Integration into LLMs to help find context in the content, or use local content as a source of information would be incredibly valuable. The question is, would it make more sense to wait for DT to build the capability/integration or would it make more sense to build a plugin framework and allow the community to build and maintain the plugins. Imagine the horror of having the community be allowed to build plugins - that would be way too forward thinking. Even worse, the plugins might even start adding value to a stagnant development cycle!

Do you have a specific problem with sync now that you need help with now?

I’m all for open source and community activity. And there is already sample code to integrate ChatGPT with DT, IIRC.

OTOH: Just a cursory glance at GitHub will show you tons of under-documented, never finished and abandoned projects. In general, community projects work well if the community is large enough. And if there’s someone taking the role of “benevolent dictator” (Torvald’s expression, not mine). The DT “community” (I don’t like this word because it tends to imply something that just is not there), or rather the DT users, have wildly different skills and wildly different interests/approaches to organization and wildly different data to work with. For example, I use DT nearly exclusively to handle my finances and travel planning – what use would I have for ChatGPT there?

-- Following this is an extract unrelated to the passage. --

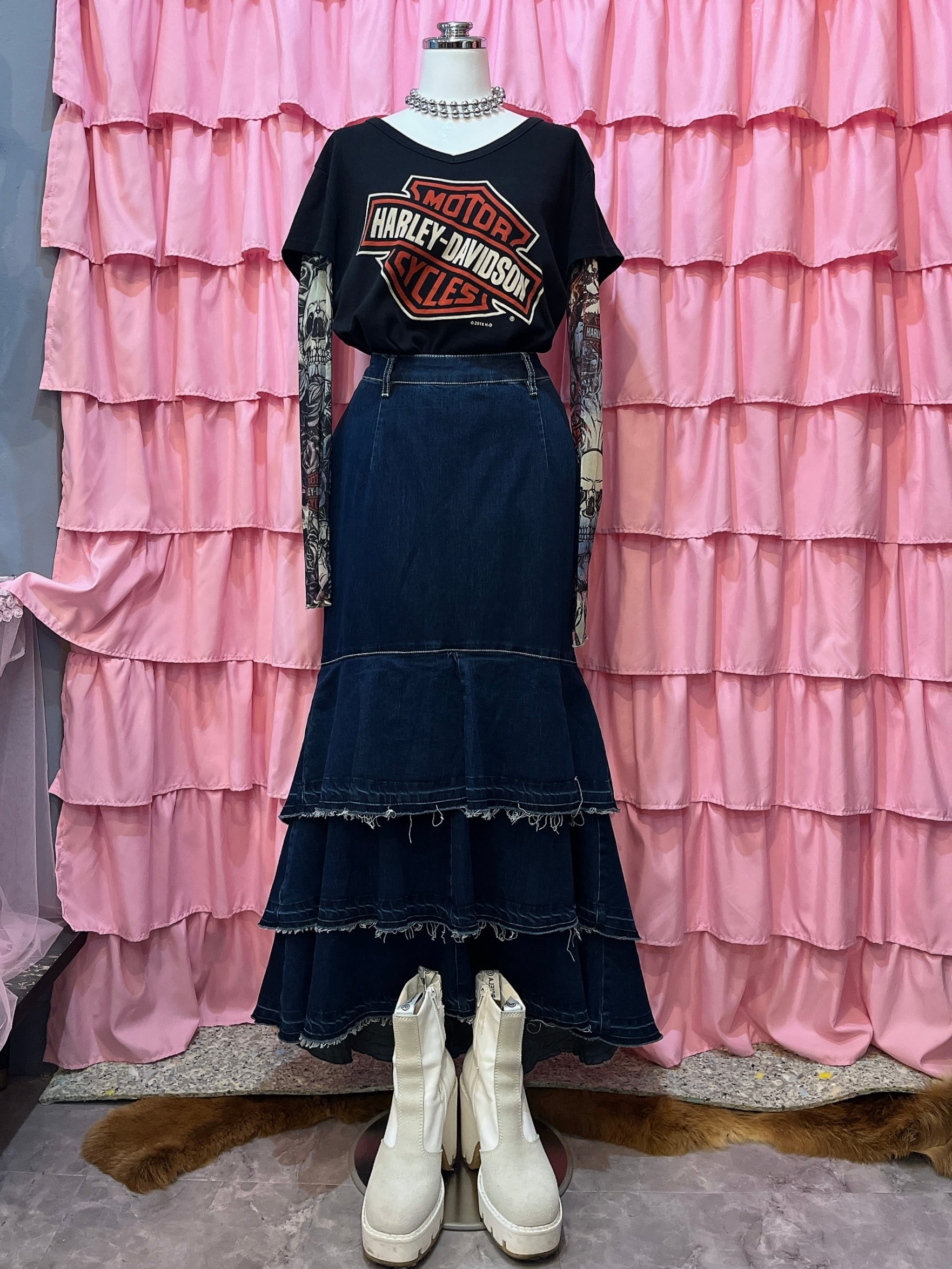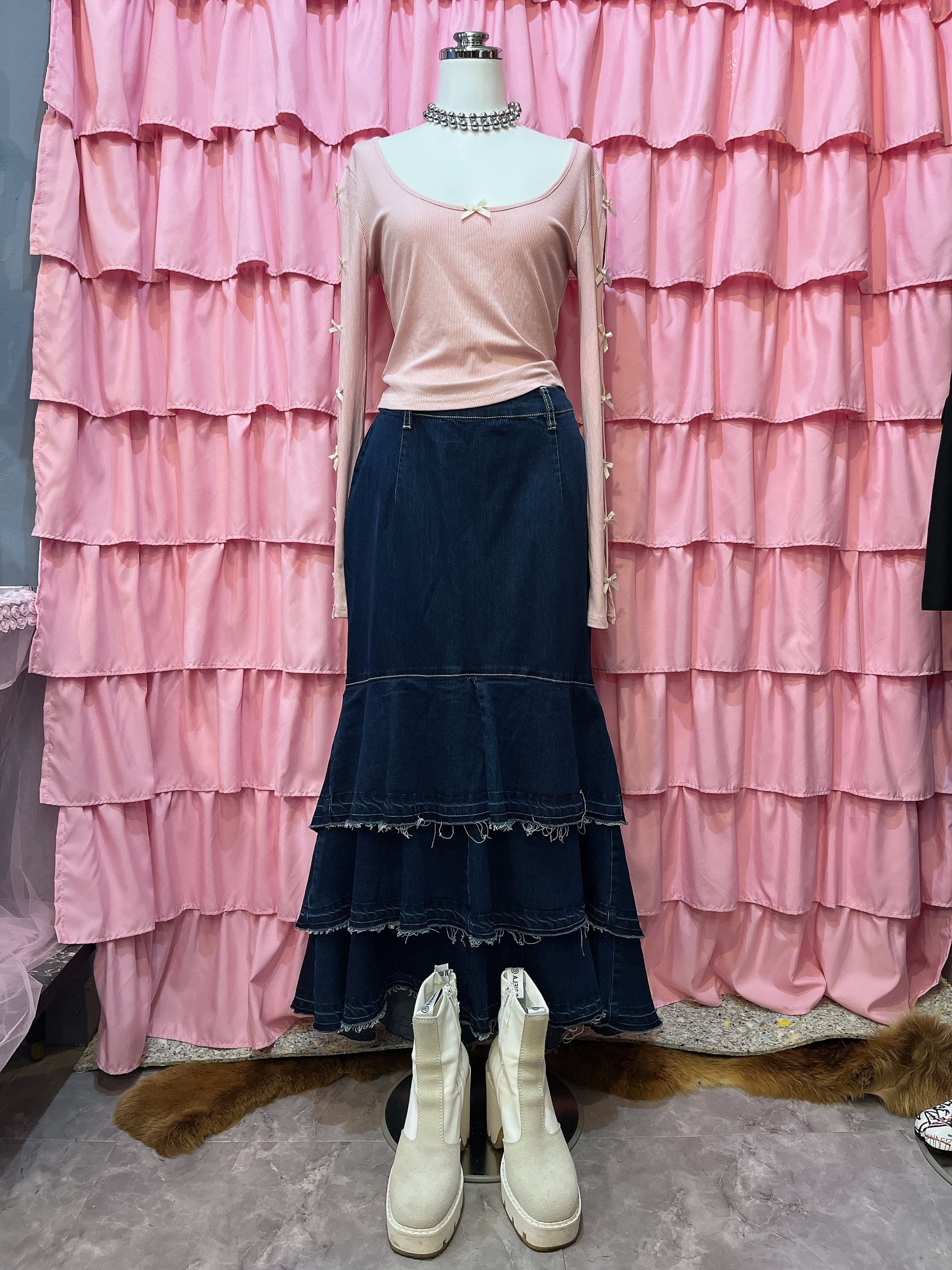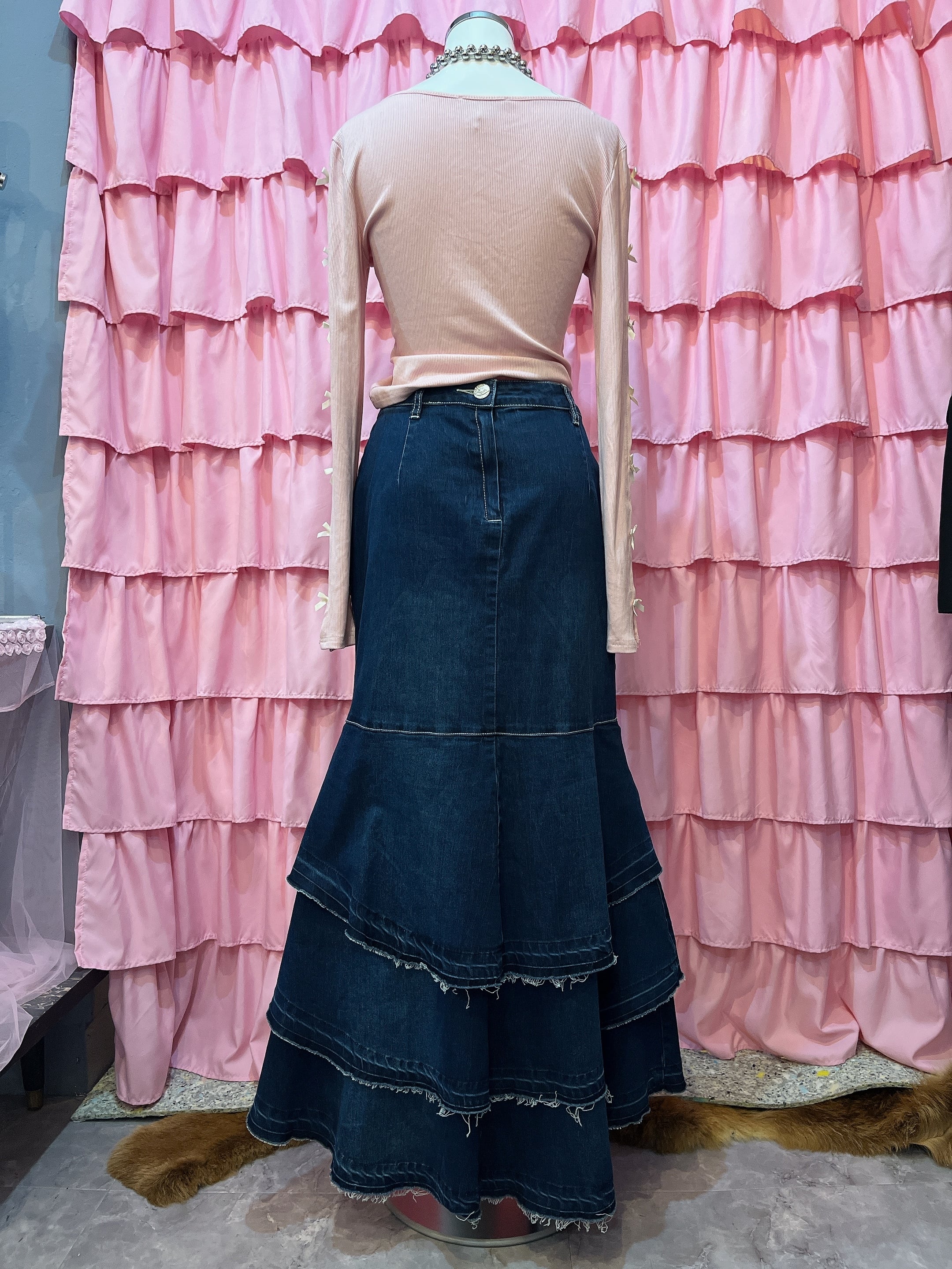 denim tiered maxi skirt

The sheer number of people able to do what you suggest is, I believe, tiny. And then not all of them might be inclined to work on plugins in their spare time (if they have any).

But if you feel that such an effort is needed, why don’t you start it? DT is scriptable, and who would stop you writing scripts that integrate it with ChatGPT or any LLM? I frankly do not understand what makes you insinuate that you need anybody to “allow” you to do that.